Porque Jesús te ama tal y como eres; y te ama demasiado para dejar que permanezcas así. ¡Quiere que seas vivo, con la vida que él te ofrece! Dice en el Evangelio según San Juan: “Yo he venido para que tengan vida y para que la tengan en abundancia.” (Jn 10, 10) Moisés deseó “que el Señor pusiera su Espíritu sobre todos”—y de verdad lo hizo nuestro Señor Jesús, en darnos a su Espíritu Santo para morar en nosotros, por el bautismo, y en sellarnos y fortalecernos por el Espíritu Santo, en la confirmación. Quiere que seamos llenos con el fruto del Espíritu: “amor, gozo, paz, paciencia, benignidad, bondad, fidelidad, mansedumbre, dominio propio.” (Gal 5, 22-23) Quiere que ejercitemos los dones espirituales, las carismas, que nos ha dado: quiere que tú vivas los dones espirituales especiales que te ha dado a ti, para que seas una bendición a otros.

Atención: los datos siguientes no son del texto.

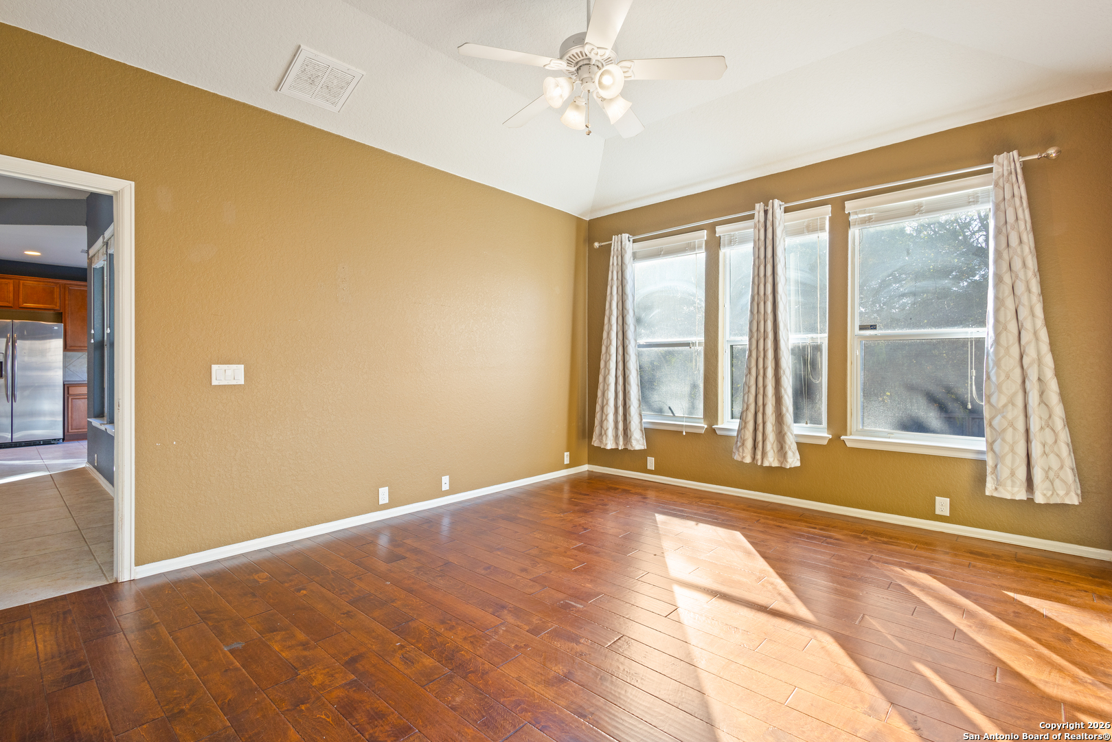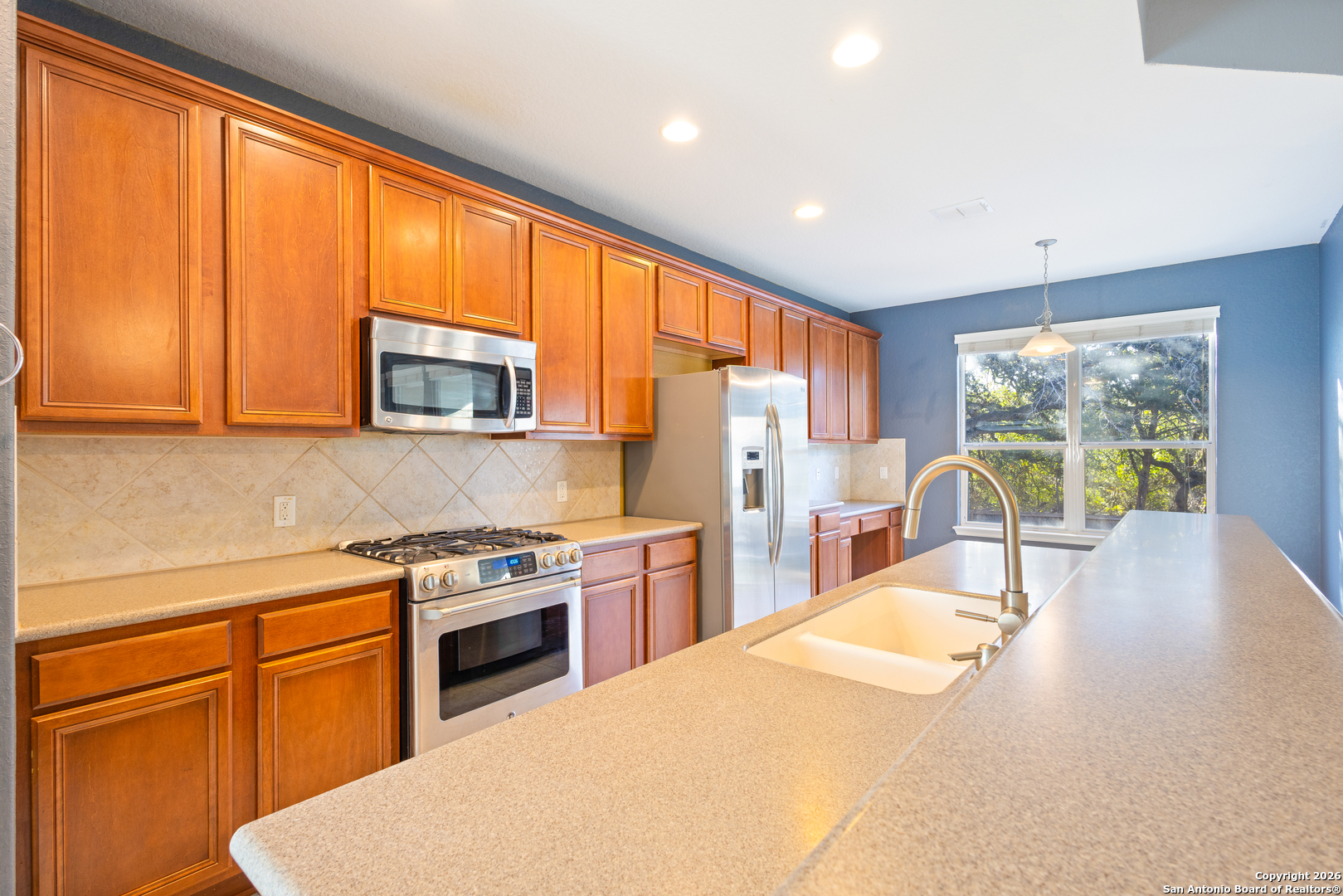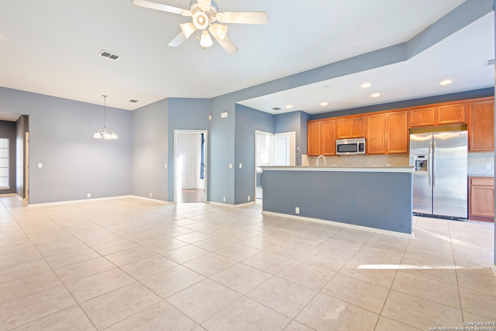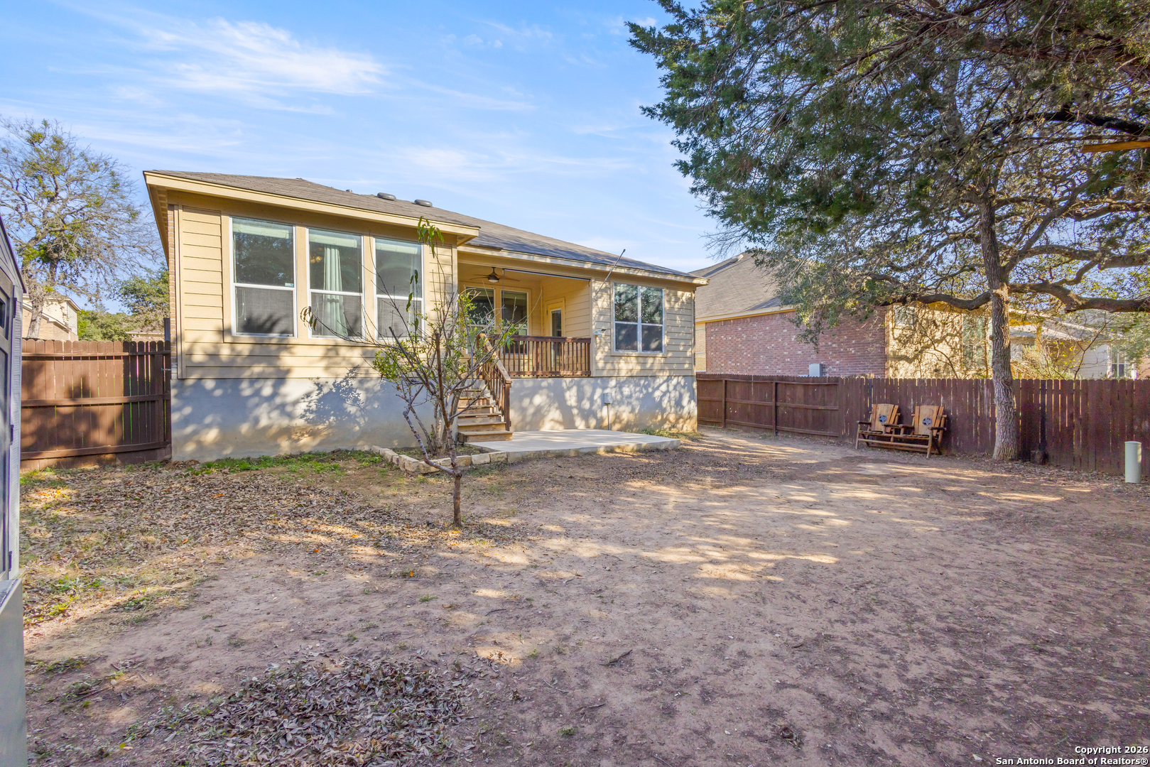 Come see your next home located in the Alamo Ranch area of San Antonio. This well-maintained 3-bedroom, 2-bath home with a flex room offers 1,885 square feet of functional living space designed for comfort and versatility. The open living and dining areas are filled with natural light and provide an inviting setting for everyday living and entertaining. The spacious kitchen features ample cabinetry and workspace, flowing seamlessly into the main living areas. The private primary suite includes an en-suite bath, while two additional bedrooms and a flex room offer adaptable space ideal for a home office, second living area, or hobby room. Enjoy added privacy with no back neighbors, along with a backyard that provides room to relax, entertain, or personalize to your needs. Conveniently located in Alamo Ranch, this home offers easy access to Loop 1604, Hwy 151, shopping, dining, parks, and major San Antonio employers. Move-in ready and competitively priced, this property presents an excellent opportunity in one of West San Antonio's most sought-after areas. The roof was replaced in 2025, the HVAC in 2021, the water heater replaced with an energy efficient tankless heater in 2022 and the water softer was added in 2020 all systems are paid off and even the washer dryer and fridge are included with the sale of the home. Schedule your showing today. Descubre su proxima casa ubicada en el area de Alamo Ranch en San Antonio. Esta casa bien mantenida cuenta con 3 recamaras, 2 banos y un espacio flexible, ofreciendo 1,885 pies cuadrados de area habitable disenada para comodidad y funcionalidad. Las areas abiertas de sala y comedor reciben abundante luz natural, creando un ambiente acogedor para la vida diaria y para reuniones. La cocina es amplia y cuenta con buen espacio de gabinetes y superficies de trabajo, conectandose de manera fluida con las areas principales. La recamara principal ofrece privacidad con bano completo, mientras que las recamaras secundarias y el cuarto flexible brindan opciones ideales para oficina en casa, sala adicional o area multiusos. Disfrute de mayor privacidad con sin vecinos en la parte trasera, ademas de un patio con espacio para relajarse, convivir o personalizar segun sus necesidades. Ubicada en Alamo Ranch, esta propiedad ofrece acceso conveniente a Loop 1604, Hwy 151, tiendas, restaurantes, parques y centros de empleo en San Antonio. Lista para mudarse y con precio competitivo, esta propiedad representa una excelente oportunidad en el area oeste de San Antonio. El techo fue reemplazado en 2025, el sistema de calefaccion, ventilacion y aire acondicionado (HVAC, por sus siglas en ingles) en 2021, el calentador de agua fue sustituido por uno sin tanque (tankless) de bajo consumo energetico en 2022 y el suavizador de agua se anadio en 2020. Todos los sistemas estan liquidados e incluso la lavadora, secadora y refrigerador estan incluidos con la venta de la casa. Programe su visita hoy mismo.

Porque, cuando estás llenado por su vida, compartes esa vida con otros. Cuando quitas la enfermedad del pecado de tu vida, te haces un miembro sano y activo del Cuerpo de Cristo, la Iglesia. Ya no un católico zombi, sino un católico vivo y lleno por el Espíritu. Y entonces el médico divino ha realizado su obra.

¡Jesús te ama tal y como eres; y te ama demasiado para dejar que permanezcas así! “Yo he venido para que tengan vida y para que la tengan en abundancia.”